======== SOURCE RECORDS

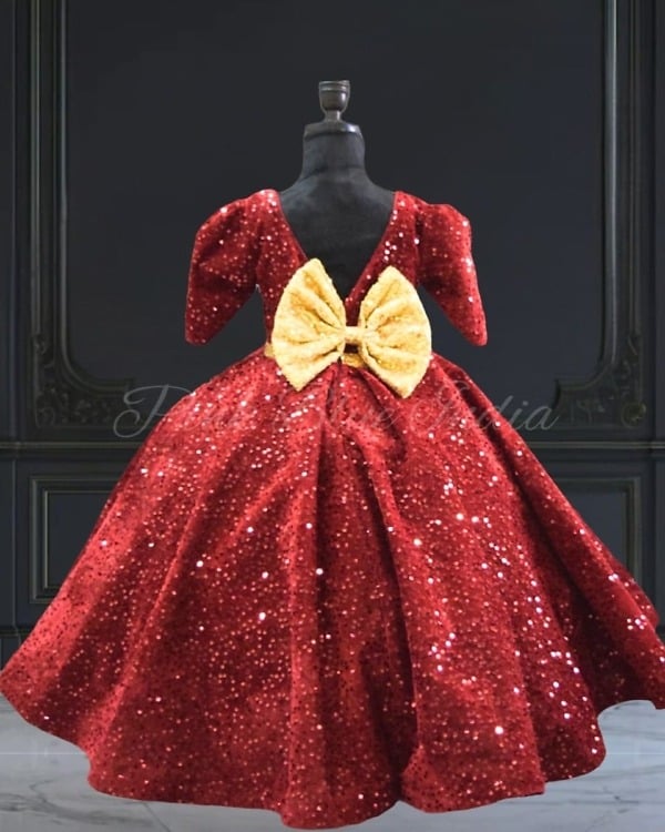 Buy Online Stunning Designer Party Wear Maroon Sequins Ball Gown, big golden bow with Matching Headband. Perfect for Wedding and Birthday.
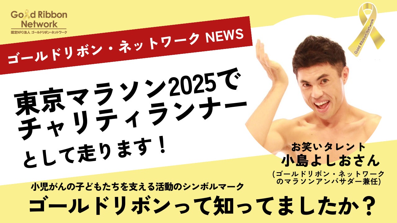 認定NPO法人ゴールドリボン・ネットワーク(所在地:東京都豊島区 理事長:松井秀文)は、お笑いタレントの小島よしおさんを、東京マラソン2025(2025年3月2日開催予定)チャリティのマラソンアンバサダーおよびチャリティランナーに決定しました。
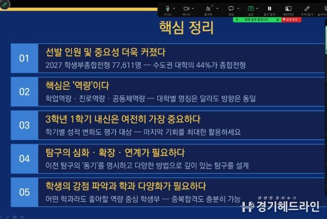 컨설팅은 고등학교 3학년을 대상으로, 좋은일코칭연구소 김병식 대표와 함께 진행했다. 이날 학생들에게 2027학년도 대입 학생부 종합 전형의 특성과 대학 평가 시스템 등을 이해하기 쉽게 설명했다.
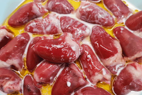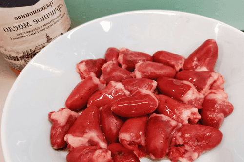 Сердечки промыть, обрезать сосуды и лишний жир.
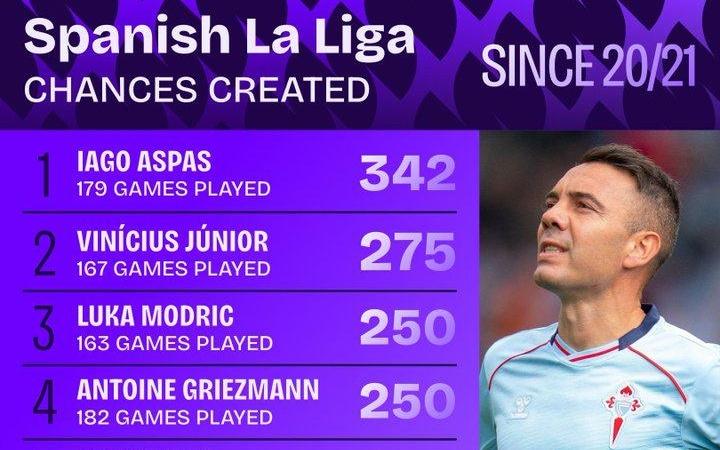 西甲2021赛季后创造机会榜:阿斯帕斯居首,维尼修斯第二
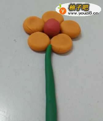 6用绿色搓一个细长条,粘在花朵下面,当作花茎。
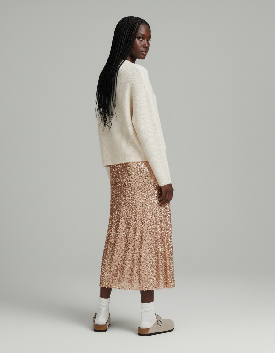 La Jupe Longue Paillettes Rose Gold : Votre Éclat Inoubliable
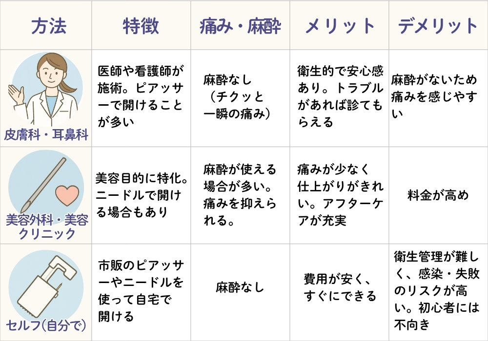 ピアスを開ける方法はいろいろあるけど、それぞれにメリットと注意点があるんだよ。
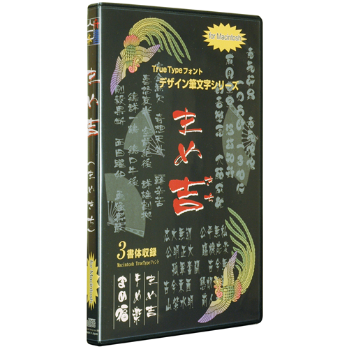 本製品は、Macintosh専用のCD-ROMで、「まめ吉」「まめ楽」「まめ福」の3つの書体を収録しています。
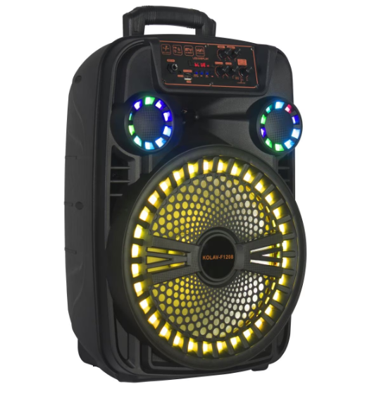Cu boxa portabilă Bluetooth KOLAV-F1208, vei aduce la viață orice petrecere sau eveniment. Experimentează sunetul puternic și versatilitatea conectivității pentru o experiență audio de neuitat!
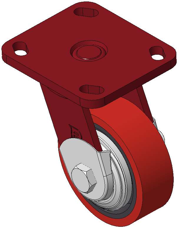 Lắp đế, khoảng cách lỗ 85 x 70 Lõi gang với gai polyurethane chất lượng cao, phay màu đỏ Vòng bi bánh xe—vòng bi chính xác với nắp chống quấn đặc biệt  |
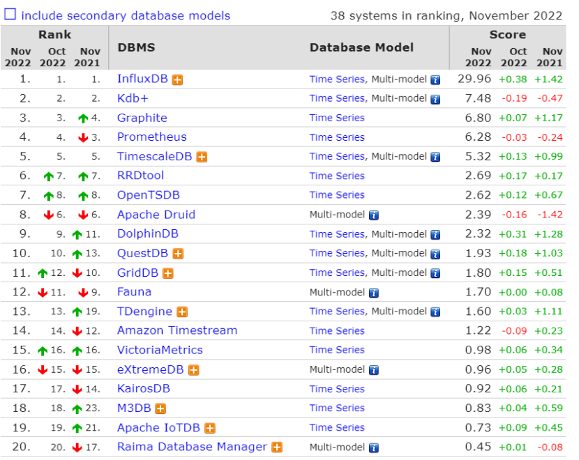图2时序数据库关注热度(数据来源:https://db-engines.com/en/ranking_categories)
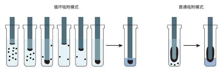 通过速度可调的循环吸附模式,磁棒缓慢下行的过程中,磁珠吸附于磁棒头部,从而保证洗脱体积很小的情况下,洗脱液依然可以覆盖全部磁珠,多次循环,即使小粒径磁珠也可确保无漏网之鱼。
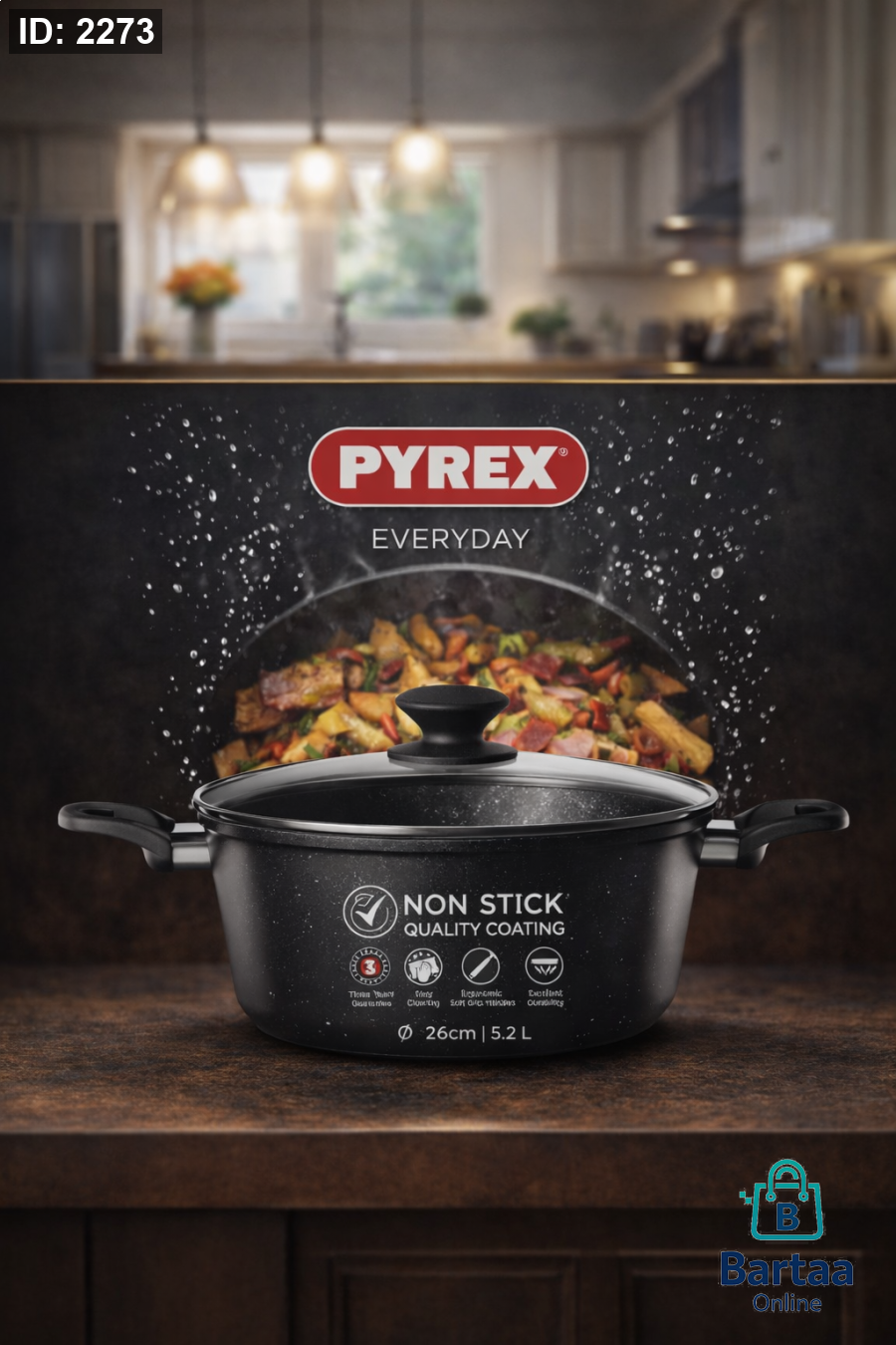 🍲 قدر PYREX Everyday غير لاصق حل مثالي للطبخ اليومي، طلاء غير لاصق عالي الجودة، توزيع حرارة متوازن، وغطاء زجاجي متين. عملي، سهل التنظيف، ويعطي نتائج ممتازة كل مرة 🔥 📏 المقاس: 26 سم | السعة: 5.2 لتر
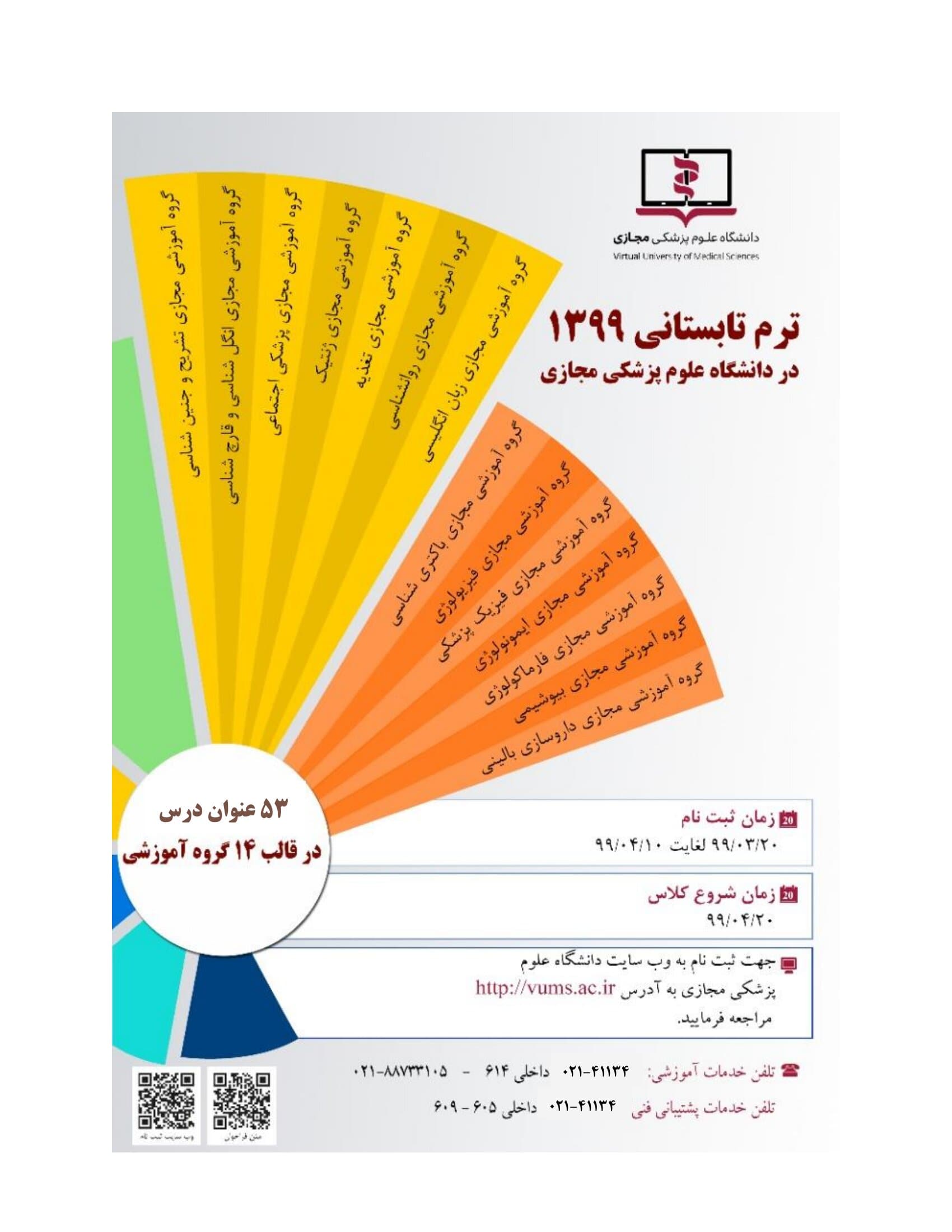 به استحضار می رشاند که با عنایت به پیشنهاد رئیس محترم دانشگاه علوم پزشکی مجازی و حمایت معاون محترم آموزشی وزارت بهداشت درمان و آموزش پزشکی طی نامه و درخواست های جمع کثیری از دانشجویان دانشگاه های علوم پزشکی کشور در خصوص تخفیف شهریه دروس ترم تابستانی مجازی 1399، دانشگاه علوم پزشکی مجازی در نظر دارد با هدف مساعدت با متقاضیان این برنامه و پشتیبانی از فرایندهای تحصیلی دانشجویان دانشگاه های علوم پزشکی کشور 53 درس مجازی ترم تابستانی 1399 را با 40 درصد تخفیف برای دانشجویان دانشگاه های علوم پزشکی سراسر کشور ارائه دهد. اطلاعیه تخفیف 40 درصدی جهت ثبت نام |
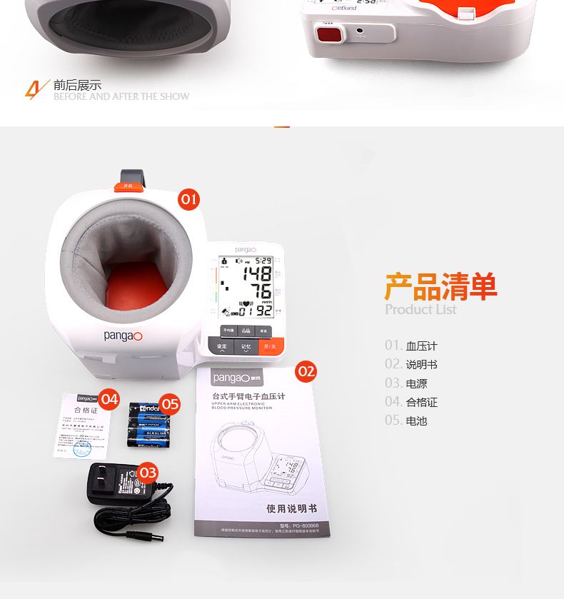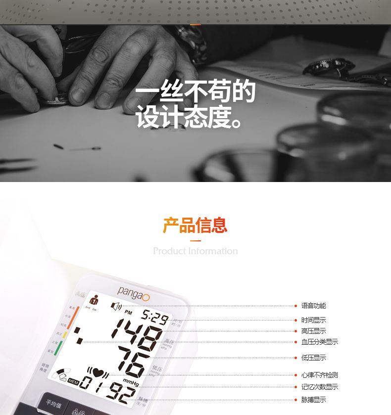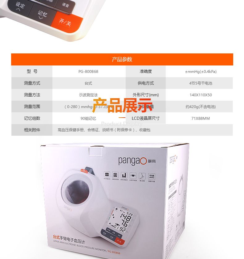 商品名称:攀高台式电子血压计压测量仪 家用 全自动 高精准血压计智能语音播报老人PG-800B68

================

Starting at the line that holds "通过速度可调的循环吸附模式,磁棒缓慢下行", retype every line through the end of the data, both ends included. Pictures stay out of the copy.

TASK SOLUTION:
 通过速度可调的循环吸附模式,磁棒缓慢下行的过程中,磁珠吸附于磁棒头部,从而保证洗脱体积很小的情况下,洗脱液依然可以覆盖全部磁珠,多次循环,即使小粒径磁珠也可确保无漏网之鱼。
 🍲 قدر PYREX Everyday غير لاصق حل مثالي للطبخ اليومي، طلاء غير لاصق عالي الجودة، توزيع حرارة متوازن، وغطاء زجاجي متين. عملي، سهل التنظيف، ويعطي نتائج ممتازة كل مرة 🔥 📏 المقاس: 26 سم | السعة: 5.2 لتر
 به استحضار می رشاند که با عنایت به پیشنهاد رئیس محترم دانشگاه علوم پزشکی مجازی و حمایت معاون محترم آموزشی وزارت بهداشت درمان و آموزش پزشکی طی نامه و درخواست های جمع کثیری از دانشجویان دانشگاه های علوم پزشکی کشور در خصوص تخفیف شهریه دروس ترم تابستانی مجازی 1399، دانشگاه علوم پزشکی مجازی در نظر دارد با هدف مساعدت با متقاضیان این برنامه و پشتیبانی از فرایندهای تحصیلی دانشجویان دانشگاه های علوم پزشکی کشور 53 درس مجازی ترم تابستانی 1399 را با 40 درصد تخفیف برای دانشجویان دانشگاه های علوم پزشکی سراسر کشور ارائه دهد. اطلاعیه تخفیف 40 درصدی جهت ثبت نام |
 商品名称:攀高台式电子血压计压测量仪 家用 全自动 高精准血压计智能语音播报老人PG-800B68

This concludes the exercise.